Following the development of mechanization, fixed-point threshing machines appeared on the market around the 1830s. They were made up of a beater, and a concave, sieves, fan and straw walker, driven by a belt drive moved by stationary steam or endothermic engines or, more recently, directly by farm tractors. The latter also enabled the machinery to be moved from farmhouse to farmhouse; a task performed until then by animal traction.
In 1836 the first combine harvester was built in the United States. This machine was designed to cut plants in the field and separate the grain from the chaff, albeit still inaccurately. This combine harvester had a cutting width of about five meters and was pulled by about twenty horses. However, the lack of an adequate drive unit and the tendency of harvested grain to deteriorate from excessive moisture limited its spread.
In 1915, International Harvester of Canton (Illinois, USA) released the first line of trailed harvesters equipped with an engine to drive the threshing system.
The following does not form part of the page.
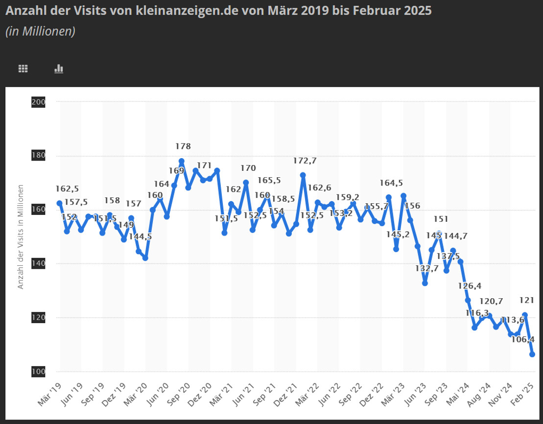 Dass viele Nutzer Alternativen nicht kennen, bestätigt eher das Grundproblem: Kleinanzeigen lebt immer noch von seiner alten Monopolstellung, nicht von Qualität. Der Rückgang bei Sichtbarkeit und Reichweite hat nichts mit „mehr Nutzern“ zu tun; die IVW‑Daten zeigen genau das Gegenteil. Es handelt sich um einen strukturellen Abwärtstrend, verstärkt durch steigende Preise, weniger Funktionen, sinkendes Vertrauen und rückläufige Verkäufe.

Case and John Deere introduced the first tractor-drawn models a few years later. The demand for these machines overgrew, particularly after World War I, even though the presence of combine harvesters in Italy remained confined to a few large cereal farms until after the war. In 1942, an outstanding expert in agricultural mechanics even wrote about combine harvesters "...this category of equipment does not present a real and concrete interest from the point of view of the possible widespread application in Italy.”.
Despite this pessimistic prediction, the spread of the combine harvester domestically grew after the end of World War II as the economy recovered. Major import brands included Massey Harris, McCormick, Claas, John Deere and International Harvester. The first Italian combined harvester model was manufactured by Pietro Laverda of Breganze (VI) and presented at the 1956 Verona Fair. That model, named "M60," was equipped with a 35-Hp Fiat diesel engine, the mowing apparatus was 1.98 m wide single-body with the machine with mechanical ratchet lift equipped with an articulated reel, and was provided, as threshing apparatus, with an 8-bar beater and concave that could also be adjusted while working. The Laverda M60 was produced until 1963, with a total of 974 units sold in Italy and Europe.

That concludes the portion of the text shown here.